How about our divergences? They have decreased too.

divergent = trace2['diverging']
print('Number of Divergent %d' % divergent.nonzero()[0].size)
divperc = divergent.nonzero()[0].size/len(trace2)
print('Percentage of Divergent %.5f' % divperc)
Number of Divergent 4
Percentage of Divergent 0.00080
theta_trace = trace2['theta']
theta0 = theta_trace[:, 0]
plt.figure(figsize=(10, 6))
plt.scatter(theta0[divergent == 0], logtau[divergent == 0], color='r', s=10, alpha=0.05)
plt.scatter(theta0[divergent == 1], logtau[divergent == 1], color='g', s=20, alpha=0.9)
plt.axis([-20, 50, -6, 4])
plt.ylabel('log(tau)')
plt.xlabel('theta[0]')
plt.title('scatter plot between log(tau) and theta[0]')
plt.show()

png

Look how much longer the funnel actually is.
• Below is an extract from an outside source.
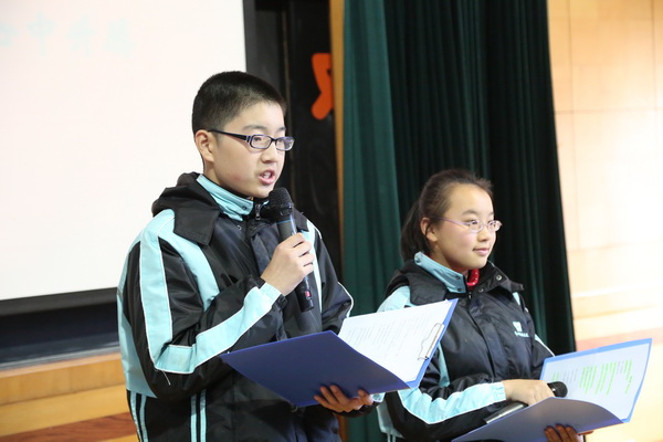 在声情并茂的诗朗诵声中,会议正式开始。首先,是第八届小记者团团长周子晨同学的的工作总结。字字深情,忆起曾今小记者参加的活动,学长感慨万端。肯定成绩,总结不足,为我们第九届小记者指明了前进的方向。

And we have explored this much better.

theta01 = trace1['theta'][:, 0]
logtau1 = trace1['tau_log__']

theta02 = trace2['theta'][:, 0]
logtau2 = trace2['tau_log__']


plt.figure(figsize=(10, 6))
plt.scatter(theta01, logtau1, alpha=.05, color="b", label="original", s=10)
plt.scatter(theta02, logtau2, alpha=.05, color="r", label='reparametrized', s=10)
plt.axis([-20, 50, -6, 4])
plt.ylabel('log(tau)')
plt.xlabel('theta[0]')
plt.title('scatter plot between log(tau) and theta[0]')
plt.legend()

<matplotlib.legend.Legend at 0x116002860>

png

It may not be possible in all models to achieve this sort of decoupling. In that case, Riemannian HMC, where we generalize the mass matrix to depend upon position, explicitly tackling high-curvature, can help.